◆ Given records:
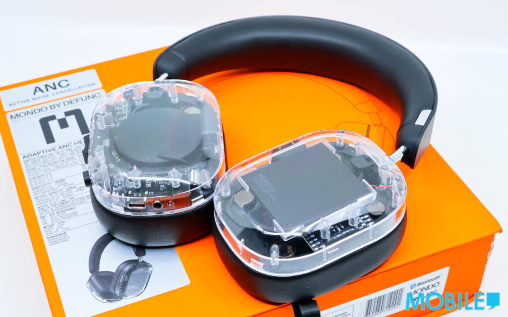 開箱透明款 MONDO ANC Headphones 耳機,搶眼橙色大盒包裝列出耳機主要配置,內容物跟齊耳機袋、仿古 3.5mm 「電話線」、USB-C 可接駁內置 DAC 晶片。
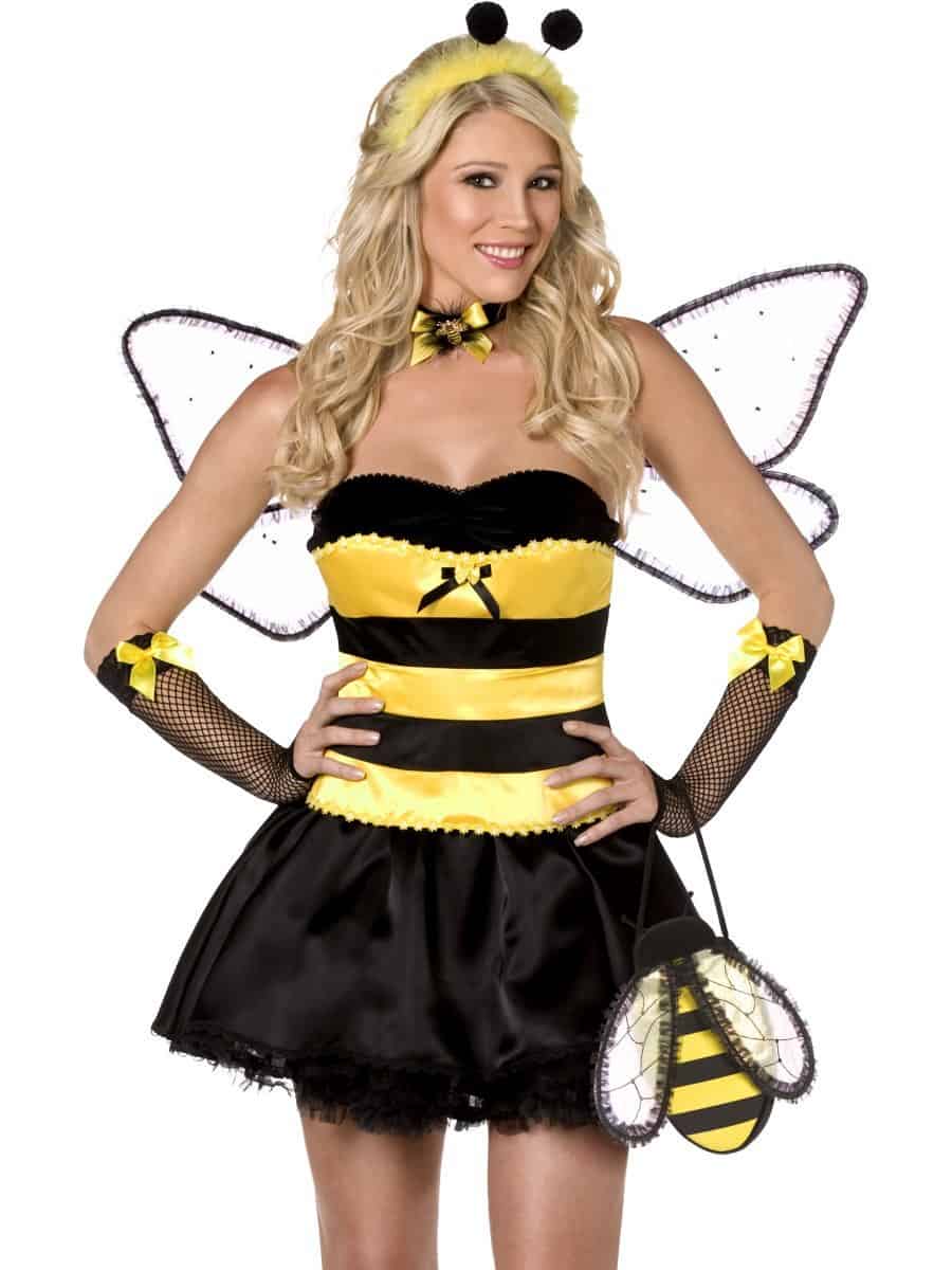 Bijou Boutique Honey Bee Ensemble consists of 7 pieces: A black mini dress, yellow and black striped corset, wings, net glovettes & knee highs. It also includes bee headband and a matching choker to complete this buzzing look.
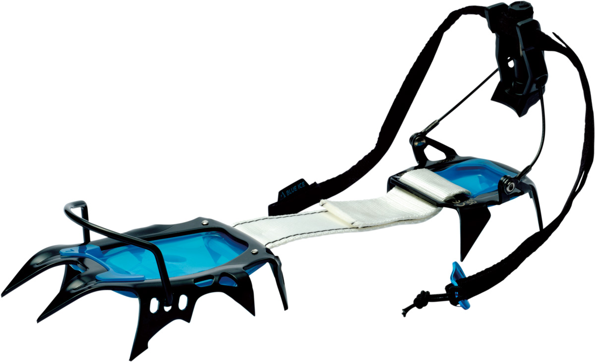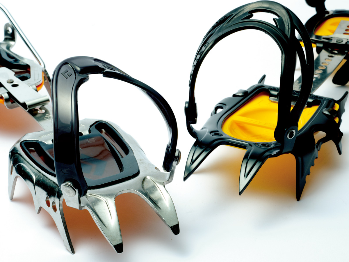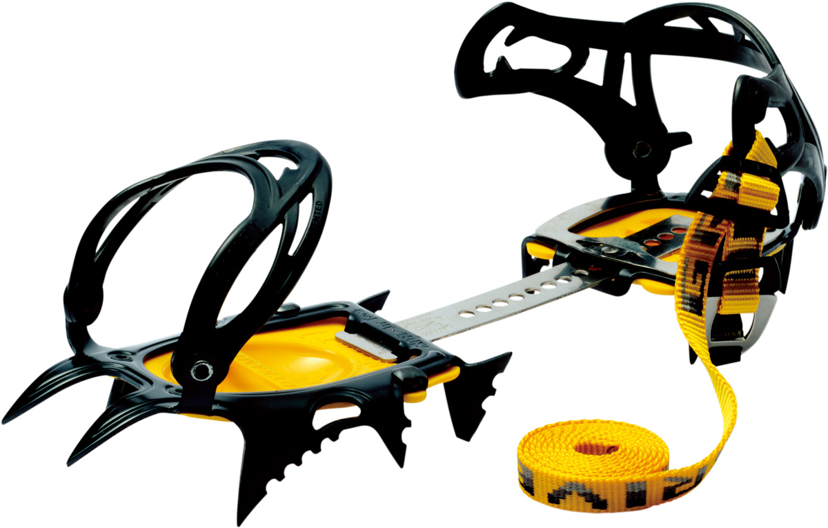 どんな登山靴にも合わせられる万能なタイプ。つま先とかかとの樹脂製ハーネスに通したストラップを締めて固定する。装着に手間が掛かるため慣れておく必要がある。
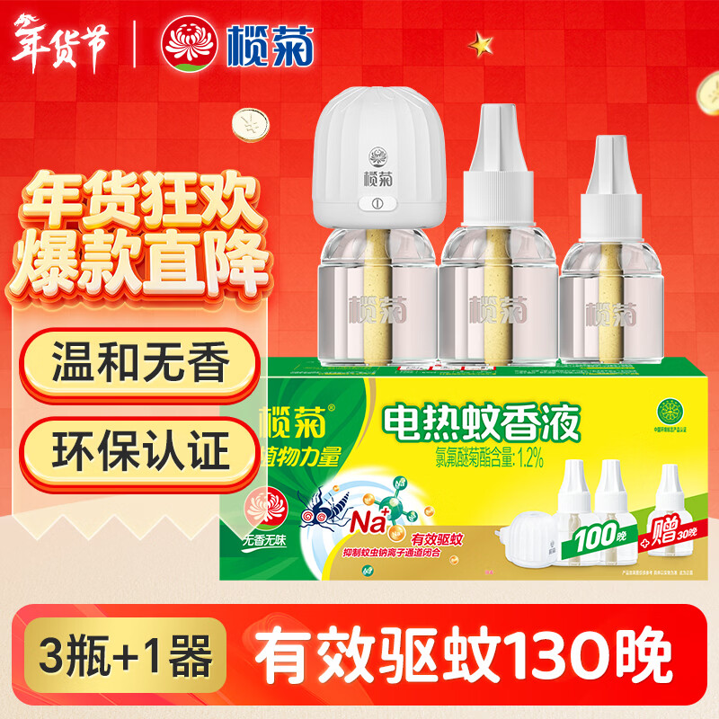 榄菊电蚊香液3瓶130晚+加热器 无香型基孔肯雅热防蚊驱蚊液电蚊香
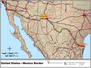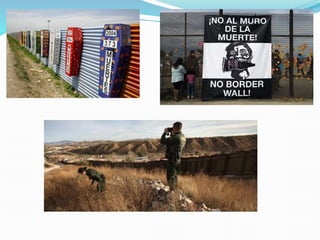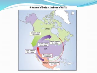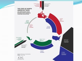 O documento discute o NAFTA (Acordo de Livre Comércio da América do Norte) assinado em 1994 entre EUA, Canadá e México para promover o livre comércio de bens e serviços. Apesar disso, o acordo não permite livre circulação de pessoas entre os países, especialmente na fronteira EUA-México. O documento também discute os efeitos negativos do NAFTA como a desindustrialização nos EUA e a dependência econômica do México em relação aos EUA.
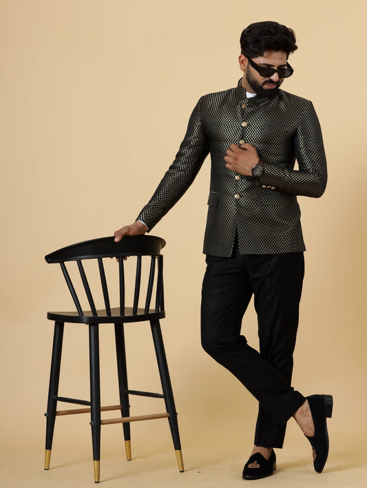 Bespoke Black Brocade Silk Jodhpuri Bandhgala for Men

◆ Directions:
All records are to be reproduced exactly; the pictures are to be omitted.

◆ Exercise response:
 開箱透明款 MONDO ANC Headphones 耳機,搶眼橙色大盒包裝列出耳機主要配置,內容物跟齊耳機袋、仿古 3.5mm 「電話線」、USB-C 可接駁內置 DAC 晶片。
 Bijou Boutique Honey Bee Ensemble consists of 7 pieces: A black mini dress, yellow and black striped corset, wings, net glovettes & knee highs. It also includes bee headband and a matching choker to complete this buzzing look.
 どんな登山靴にも合わせられる万能なタイプ。つま先とかかとの樹脂製ハーネスに通したストラップを締めて固定する。装着に手間が掛かるため慣れておく必要がある。
 榄菊电蚊香液3瓶130晚+加热器 无香型基孔肯雅热防蚊驱蚊液电蚊香
 O documento discute o NAFTA (Acordo de Livre Comércio da América do Norte) assinado em 1994 entre EUA, Canadá e México para promover o livre comércio de bens e serviços. Apesar disso, o acordo não permite livre circulação de pessoas entre os países, especialmente na fronteira EUA-México. O documento também discute os efeitos negativos do NAFTA como a desindustrialização nos EUA e a dependência econômica do México em relação aos EUA.
 Bespoke Black Brocade Silk Jodhpuri Bandhgala for Men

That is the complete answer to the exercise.